Data records
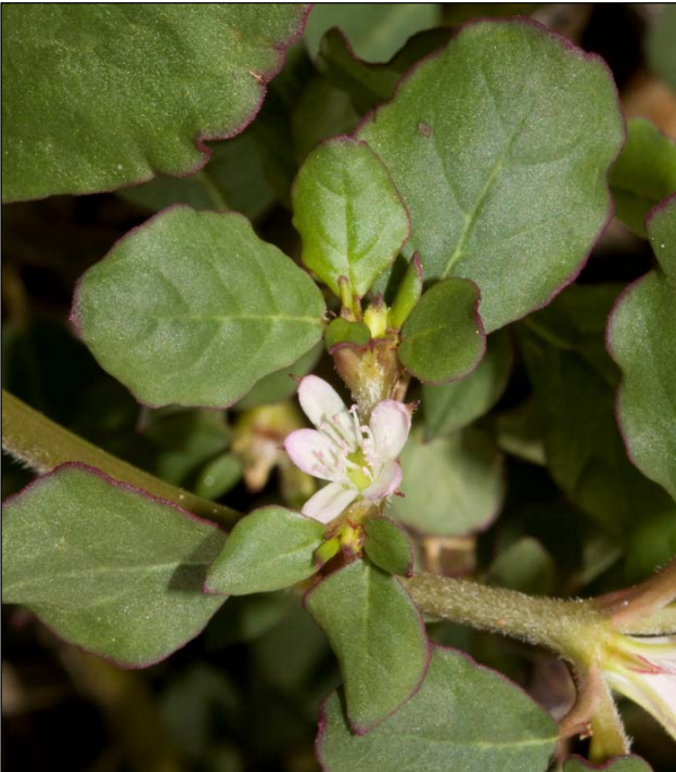
Pl. 2 Trianthema portulacastrum
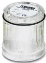
LED random flashing beacon element, 24 V DC, clear

Please be informed that the data shown in this PDF Document is generated from our Online Catalog. Please find the complete data in the user's documentation. Our General Terms of Use for Downloads are valid ( http://phoenixcontact.com/download )
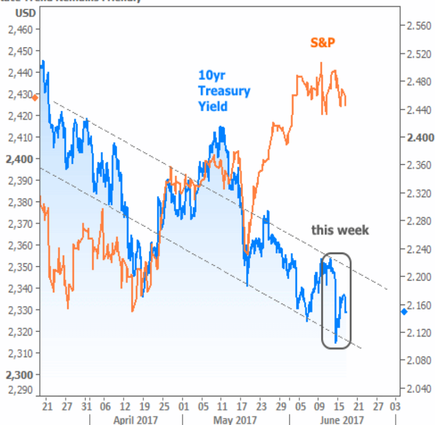
Rate Trend Remains Friendly

In housing-specific news, this week's economic data was generally downbeat . The National Association of Home Builders reported a drop in its Housing Market Index (a measure of builder confidence). In context, however, the index doesn't look like it's in trouble just yet.
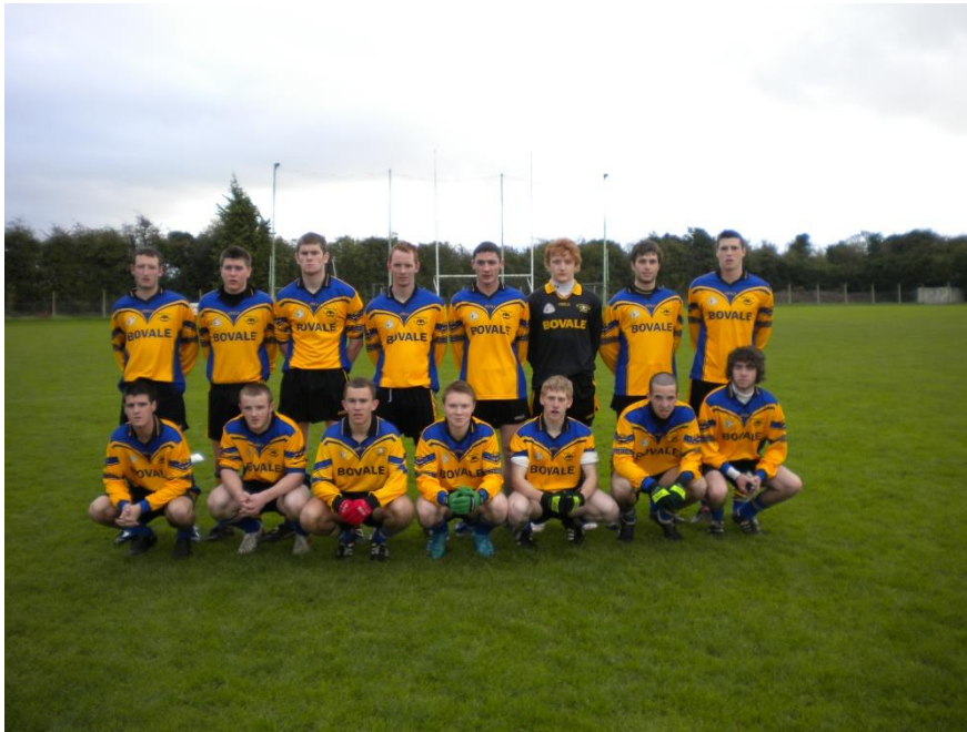
U21 team which played Kilmainham in Skyrne

The clubs U21 championship campaign was unfortunately short this year. We were graded in the A championship having qualified for the final in this section in 2009. It is a ludicrous situation that the quality of this years team is based on how last years team fared out irrespective of how many players from the previous year are over the age limit. No heed is passed on how the respective teams did in the minor campaign 3 years before. Such is the logic of the grading system and I suppose we are stuck with it.

What you should do: Nothing but the lines from the one that holds "In housing-specific news, this" through the end of the data should appear, written out exactly, without pictures.

Solution for this task:
In housing-specific news, this week's economic data was generally downbeat . The National Association of Home Builders reported a drop in its Housing Market Index (a measure of builder confidence). In context, however, the index doesn't look like it's in trouble just yet.
U21 team which played Kilmainham in Skyrne

The clubs U21 championship campaign was unfortunately short this year. We were graded in the A championship having qualified for the final in this section in 2009. It is a ludicrous situation that the quality of this years team is based on how last years team fared out irrespective of how many players from the previous year are over the age limit. No heed is passed on how the respective teams did in the minor campaign 3 years before. Such is the logic of the grading system and I suppose we are stuck with it.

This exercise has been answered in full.